> [What this task involves] Your response is a verbatim copy of the listing, stripped of its images.

> [Exercise data]
■ ■ ■
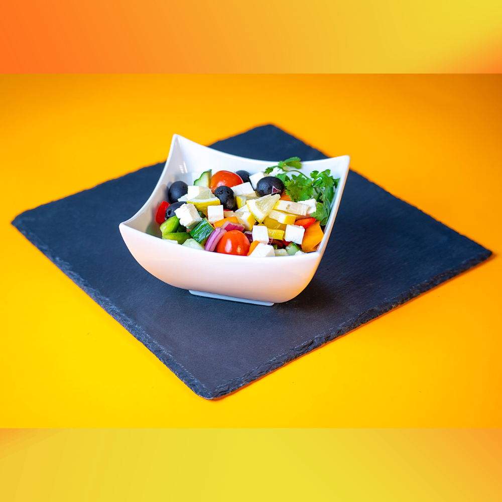 A fresh Mediterranean salad made with colourful bell peppers (yellow, red, green, orange), cucumber, grape tomatoes, olives, red onions, fresh cilantro, and crumbled feta cheese. Served with our signature In & Win sauce
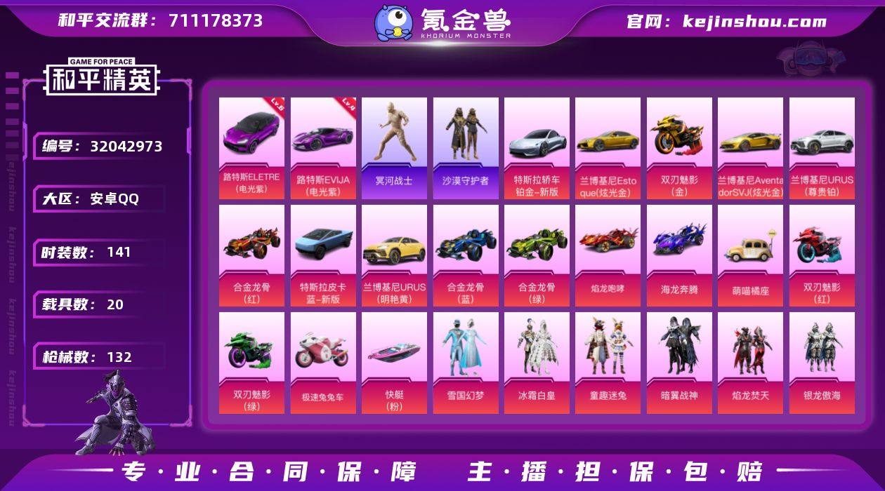 【极品和平号27粉装17特效枪19载具木乃伊洛天依2号机m762冷魅冰骑】:安卓 手Q-27粉装-17特效枪-19载具-115839热力值-3印记-141套装-132枪皮(禁止加好友以及发言处罚生效) 【稀有载具】:特斯拉Roadster(尊享铂),特斯拉Cybertruck(荒芜蓝),兰博基尼Aventador SVJ(炫光金),兰博基尼Estoque(炫光金),兰博基尼URUS(明艳黄),兰博基尼URUS(尊享铂),路特斯EVIJA(电光紫),路特斯ELETRE(电光紫),合金龙骨(红),合金龙骨(蓝),合金龙骨(绿),焰龙咆哮,海龙奔腾,萌喵橘座,双人摩托-双刃魅影(红),双人摩托-双刃魅影(绿),双人摩托-双刃魅影(金),极速兔兔车,空客H135-蔚蓝之翼,快艇-塞莎KL27(霓虹粉) 【稀有载具等级】:路特斯ELETRE(电光紫)(六级),路特斯EVIJA(电光紫)(四级) 【特效枪等级】:AKM-百合蜜语(七级),SCAR-L-童趣迷兔(四级),SCAR-L-青春物语(一级),M416-风花雪月(五级),M762-冷魅冰骑(六级),UZI-绮梦青鸾(四级),UMP45-恐龙拽拽(一级),UMP45-雪国精灵(五级),Kar98K-巳巳如意(五级),AWM-橘柚倾心(六级),AWM-焰龙焚天(二级),SKS-碧影闪光(一级),Mini14-荧光虫舞(一级),SLR-暗夜玫瑰(二级),DP-28-幻梦音符(二级),MG3-洛神天依(五级),平底锅-林间仙鹿(一级) 【优质套装】:粉装-雪国幻梦,粉装-冰霜白皇,粉装-童趣迷兔,粉装-暗翼战神,粉装-焰龙焚天,粉装-银龙傲海,粉装-骨龙祭渊,粉装-暗夜玫瑰,角色-闪耀迪迦,角色-赛罗闪耀型,粉装-齐天大圣,角色-洛天依,粉装-沙场疾风,粉装-俏雪含霜,粉装-吟月归客,角色-2号机款机体服,粉装-蓝莓炮弹,粉装-碧影闪光,粉装-薄荷物语,粉装-百合蜜语,粉装-恐龙拽拽,粉装-幻梦音符,粉装-绚丽摇曳,粉装-橘柚倾心,粉装-冷魅冰骑,粉装-赤焰黑爵,粉装-紫电风暴 【稀有套装】:角色-猎影月神 【...
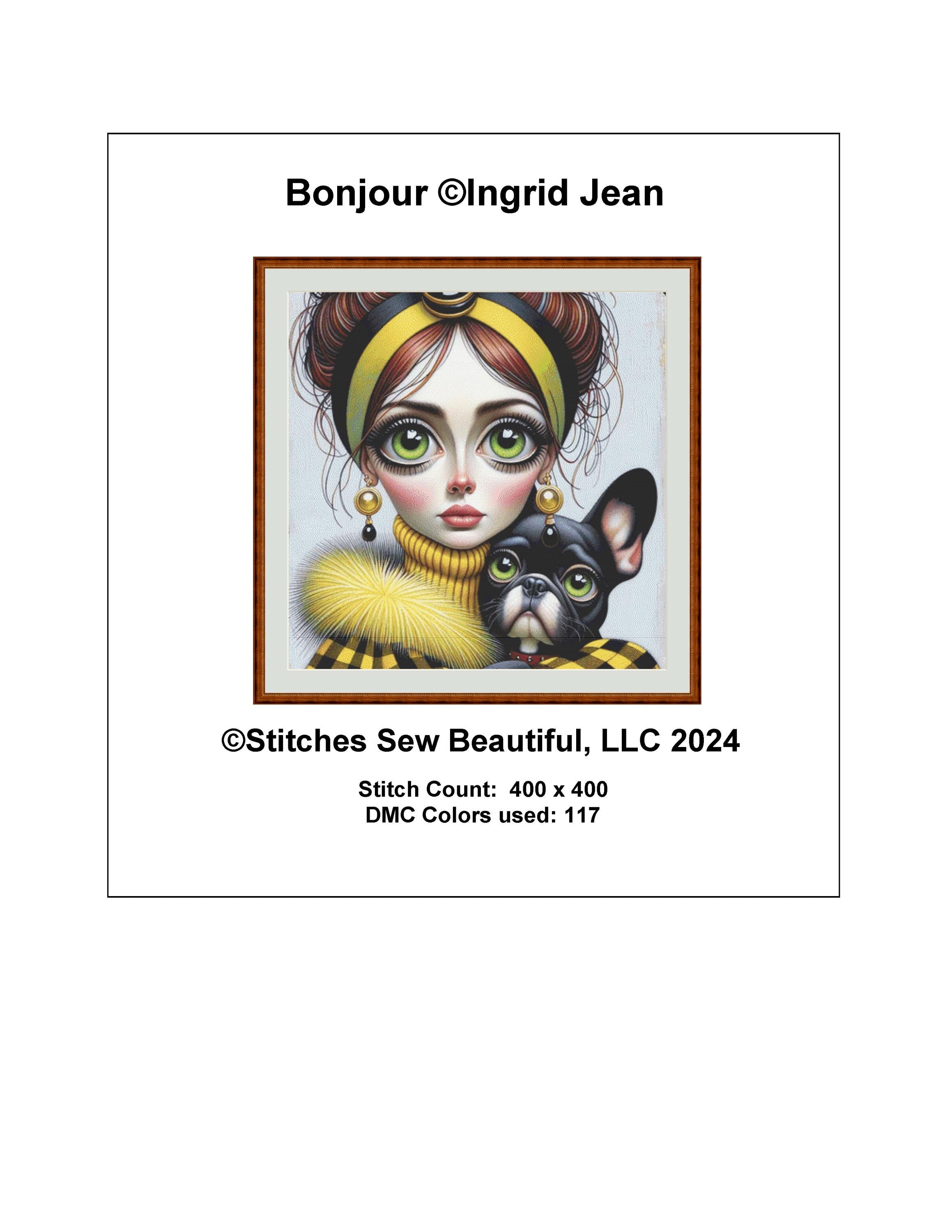 Bonjour counted cross stitch pattern by Ingrid Jean
■ ■ ■
> [Reply to the task]
 A fresh Mediterranean salad made with colourful bell peppers (yellow, red, green, orange), cucumber, grape tomatoes, olives, red onions, fresh cilantro, and crumbled feta cheese. Served with our signature In & Win sauce
 【极品和平号27粉装17特效枪19载具木乃伊洛天依2号机m762冷魅冰骑】:安卓 手Q-27粉装-17特效枪-19载具-115839热力值-3印记-141套装-132枪皮(禁止加好友以及发言处罚生效) 【稀有载具】:特斯拉Roadster(尊享铂),特斯拉Cybertruck(荒芜蓝),兰博基尼Aventador SVJ(炫光金),兰博基尼Estoque(炫光金),兰博基尼URUS(明艳黄),兰博基尼URUS(尊享铂),路特斯EVIJA(电光紫),路特斯ELETRE(电光紫),合金龙骨(红),合金龙骨(蓝),合金龙骨(绿),焰龙咆哮,海龙奔腾,萌喵橘座,双人摩托-双刃魅影(红),双人摩托-双刃魅影(绿),双人摩托-双刃魅影(金),极速兔兔车,空客H135-蔚蓝之翼,快艇-塞莎KL27(霓虹粉) 【稀有载具等级】:路特斯ELETRE(电光紫)(六级),路特斯EVIJA(电光紫)(四级) 【特效枪等级】:AKM-百合蜜语(七级),SCAR-L-童趣迷兔(四级),SCAR-L-青春物语(一级),M416-风花雪月(五级),M762-冷魅冰骑(六级),UZI-绮梦青鸾(四级),UMP45-恐龙拽拽(一级),UMP45-雪国精灵(五级),Kar98K-巳巳如意(五级),AWM-橘柚倾心(六级),AWM-焰龙焚天(二级),SKS-碧影闪光(一级),Mini14-荧光虫舞(一级),SLR-暗夜玫瑰(二级),DP-28-幻梦音符(二级),MG3-洛神天依(五级),平底锅-林间仙鹿(一级) 【优质套装】:粉装-雪国幻梦,粉装-冰霜白皇,粉装-童趣迷兔,粉装-暗翼战神,粉装-焰龙焚天,粉装-银龙傲海,粉装-骨龙祭渊,粉装-暗夜玫瑰,角色-闪耀迪迦,角色-赛罗闪耀型,粉装-齐天大圣,角色-洛天依,粉装-沙场疾风,粉装-俏雪含霜,粉装-吟月归客,角色-2号机款机体服,粉装-蓝莓炮弹,粉装-碧影闪光,粉装-薄荷物语,粉装-百合蜜语,粉装-恐龙拽拽,粉装-幻梦音符,粉装-绚丽摇曳,粉装-橘柚倾心,粉装-冷魅冰骑,粉装-赤焰黑爵,粉装-紫电风暴 【稀有套装】:角色-猎影月神 【...
 Bonjour counted cross stitch pattern by Ingrid Jean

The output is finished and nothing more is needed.